Took action on HIV/AIDs. It was the government of Margaret Thatcher which started the fightback against the spread of HIV/AIDS, launching a number of campaigns to draw attention to the spread of the disease and promote safe sex as the 1980s epidemic gained ground. Mrs Thatcher had serious misgivings about mounting a campaign at all – she wanted the traditional family to be reclaimed as the backbone of British life, therefore any “deviant” behaviour was to be condemned – but her government broke the ice in talking about sex – safe sex.
Took climate change seriously. For some Margaret Thatcher was a climate change pioneer. Mentioning climate change at the Royal Society in 1988, she told scientists that climate change warranted government action to diminish pollution and promote sustainable development. She also threw her weight behind global efforts to phase out CFCs.
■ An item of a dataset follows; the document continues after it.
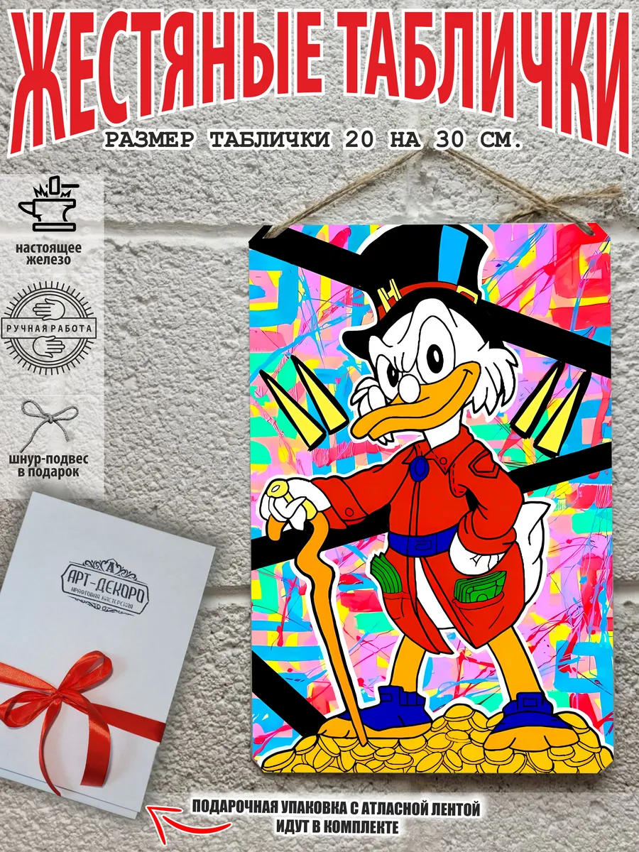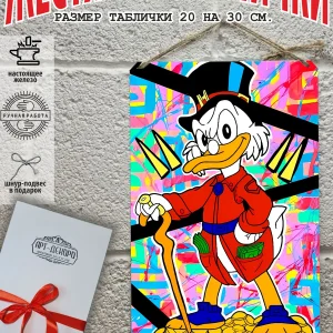 Скрудж Макдак символизирует богатство, достигнутое благодаря упорному труду, целеустремлённости и предпринимательской хватке. Также он является символом предприимчивости, темперамента и умения выживать в реалиях американской мультипликации и комиксов. Некоторые цитаты Скруджа Макдака про деньги: «Там, где вы видите старый сарай, я вижу дело с оборотом в миллион долларов!». «Деньги нельзя откладывать, их нужно вкладывать». «Чёрт побери! Сейчас хороших костюмов не шьют, 30–40 лет — и они рвутся». Несмотря на свои миллионы, Скрудж покупал качественную одежду и обувь, которую можно носить десятилетиями. «Деньги больше помогут, когда нет удачи, чем удача, когда нет денег». «Дорогая, я, конечно, хотел купить тебе бриллиантовое кольцо, но ювелирные были закрыты, поэтому я купил тебе йогурт». Так Скрудж хотел сделать приятное своей возлюбленной. «За маленький кусочек золота можно получить очень-очень много денег… Ха-ха! И для игры в шашки оно очень подходит». «Экономить, конечно, надо, но при чём тут мой шоколад?». «Я самая богатая утка на земле, потому что не трачу своих денег». Скрудж любил пользоваться бесплатными возможностями, которые экономили его деньги. Представляем вам стильные и эффектные жестяные таблички с изображением скруджа мак дака. Наши постеры деньги — жестяные таблички, выполнены из металла, который отличается высоким качеством и долговечностью. Размер 20×30 см позволяет легко вписать наши картины в любой интерьер, будь то кухня, гостиная, офис или кафе. Почему стоит выбрать наш постер для интерьера скрудж макдак? Яркие и насыщенные цвета не выгорают на солнце и делают ваше пространство выразительным и уникальным. Легкость в уходе: наши картины для интерьера, таблички на дверь и постеры на стену можно легко мыть. Они не боятся влаги, что позволяет использовать их как в помещениях, так и на улице. Удобные варианты крепления: табличка может быть установлена на саморезы, гвозди, кнопки, клейкую ленту, магниты или повешена на шнур из натурального джута, который идет в комплекте. Упаковка: каждая табличка аккуратно упакована в защитный пакет и дополнительно завернута в эко-картон, а также дополнительно в комплекте идет подарочная упаковка, атласная лента и открытка — что делает её отличным подарком на любой случай – от дня рождения до новоселья – готовый подарок. Мы гордимся тем, что предлагаем более 15 000 уникальных дизайнов, включая постеры на стену для интерьера, постер на заказ и прикольные металлические таблички, чтобы каждый мог найти что-то для себя. Наши постеры разделены на коллекции разных серий, что позволяет заказать несколько табличек в едином стиле и создать неповторимую композицию у вас дома, не упустите возможность сделать свой дом стильным – добавляйте товары в избранное, чтобы первыми узнавать о скидках и новинках! Создайте атмосферу уюта и стиля с нашими металлическими картинами и постерами для интерьера уже сегодня!

Promoted European intergration. Despite the Conservative Party’s strained relationship with Europe, Margaret Thatcher signed Britain up to the Single European Act, which created the European single market, signaling greater European integration by making it easier to pass laws, strengthening the EU Parliament and laying the basis for a European foreign policy.
Liberated the Falklands from a fascist junta. Despite her uncomfortably close relationship with Chilean dictator Augusto Pinochet and the fact that she denounced Nelson Madela’s African National Congress as terrorists, Margaret Thatcher sent British forces halfway around the world to defend the self-determination of the islanders against an aggressive government of the far right.